University of Wyoming second-year law students Maryt Fredrickson of Jackson, Christyne Martens of Watkins, Minn. and Temple Stevenson of Laramie brought home honors from the recent Pace National Environmental Law Moot Court Competition at Pace Law School in White Plains, N.Y.

Martens was Best Oralist in the second round against Florida and Washington, and Stevenson was awarded Best Oralist in the third round against Harvard and Penn State. As a team, the students advanced from preliminary to quarterfinal rounds.

"There were 72 teams total at Pace," says Stevenson, "and moving on to the quarterfinals was pretty competitive as only 27 teams advanced that far."

To prepare for the competition, the team met in Cheyenne with Wyoming Bar Association members Luke Esch, Matt Obrecht and Marion Yoder to assist with a practice argument.

"We could not have done so well without the help and support we received at the law school and from members of the local bar," says professor Diane Courselle, faculty supervisor for the Wyoming Pace team.

The team was selected to represent UW at the national competition after winning an interschool competition last fall. The law firm of Holland & Hart LLP sponsored the Wyoming team to compete in the national competition.

Since 1989, student advocates from across the United States and Canada have participated in this event. The competition draws more than 200 competitors from diverse law schools and 200 attorneys who serve as judges for three days of oral arguments.

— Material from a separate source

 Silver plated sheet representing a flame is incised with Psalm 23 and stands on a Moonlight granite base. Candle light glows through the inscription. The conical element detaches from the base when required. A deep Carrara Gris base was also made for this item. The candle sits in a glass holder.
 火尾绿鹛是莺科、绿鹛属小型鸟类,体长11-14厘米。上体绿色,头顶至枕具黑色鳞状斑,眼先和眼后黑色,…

Three adverse teams argue the issues, reflecting the fact that environmental litigation frequently involves multiple parties -- the government, a public interest group and a member of the regulated industry. Competitors are judged on skills in appellate brief writing and oral advocacy involving issues drawn from real cases, providing experience in environmental litigation firsthand.

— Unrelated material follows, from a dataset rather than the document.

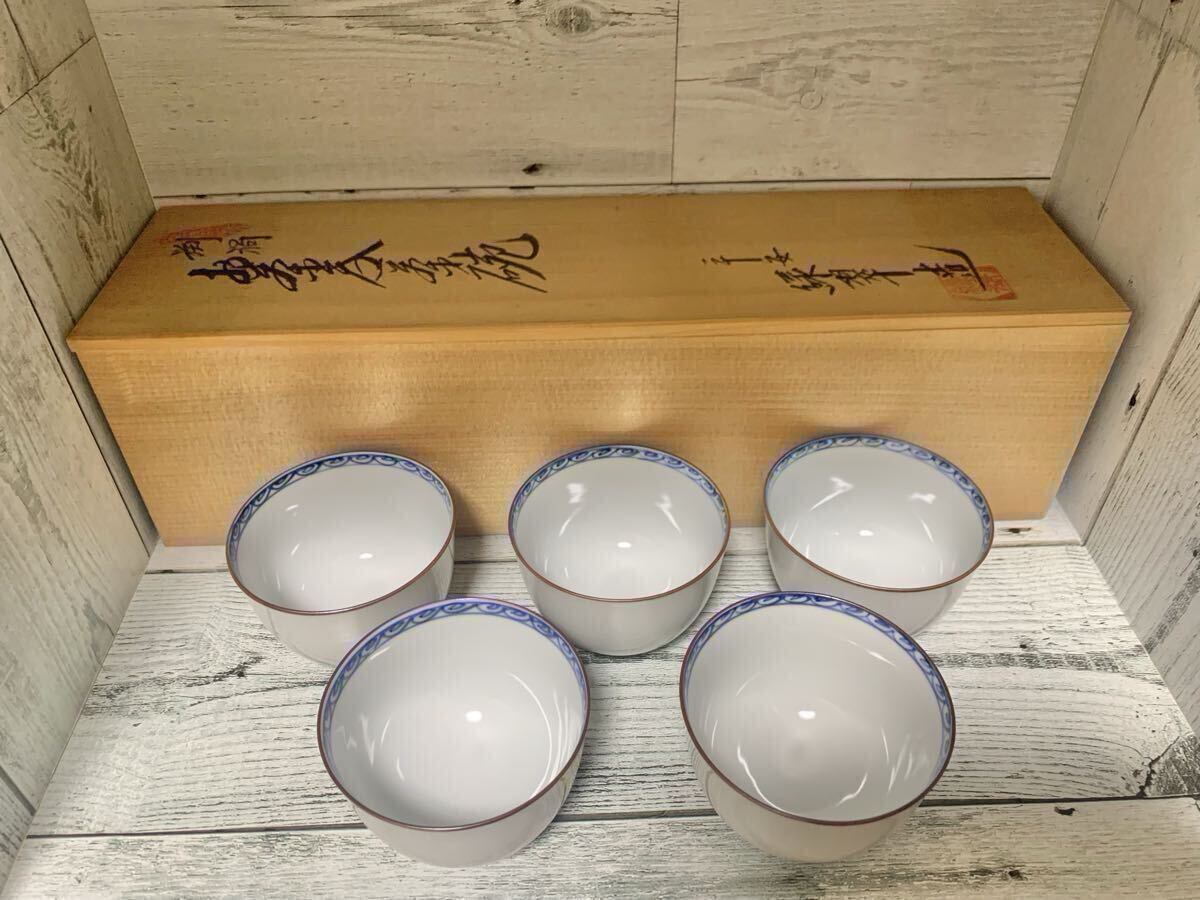 > 清水焼 京焼 平安緑翠 湯呑み 5客セット 茶器 シンプル 湯飲み 茶碗 木箱付き
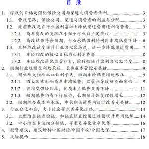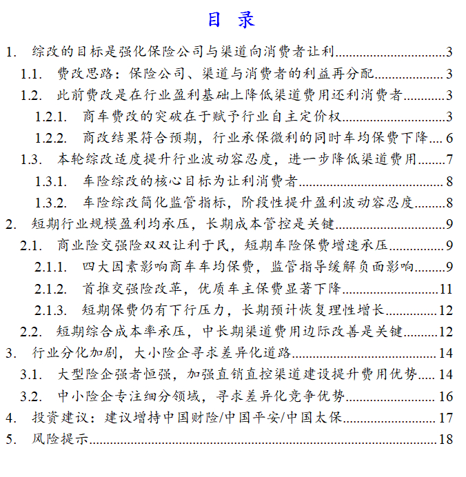 风险提示:车险保费增速大幅低于预期;政策落地及配套措施不及预期;市场竞争压力及中介渠道话语权过强导致费用率下降不及预期。

Teams wrote and filed their briefs for their respective parties in early December and in February attended the Pace event for the oral phase of the competition. Those with the highest combined scores for both the written brief and oral argument advanced to succeeding rounds.

"We know Wyoming produces fantastic attorneys in every field, and it felt great to contribute to the state's national reputation as an institution with a strong program in the field of energy and natural resources," Fredrickson says.

" The Pace competition is the premier moot court in natural resources, and we are proud to have represented Wyoming so brilliantly in the national spotlight."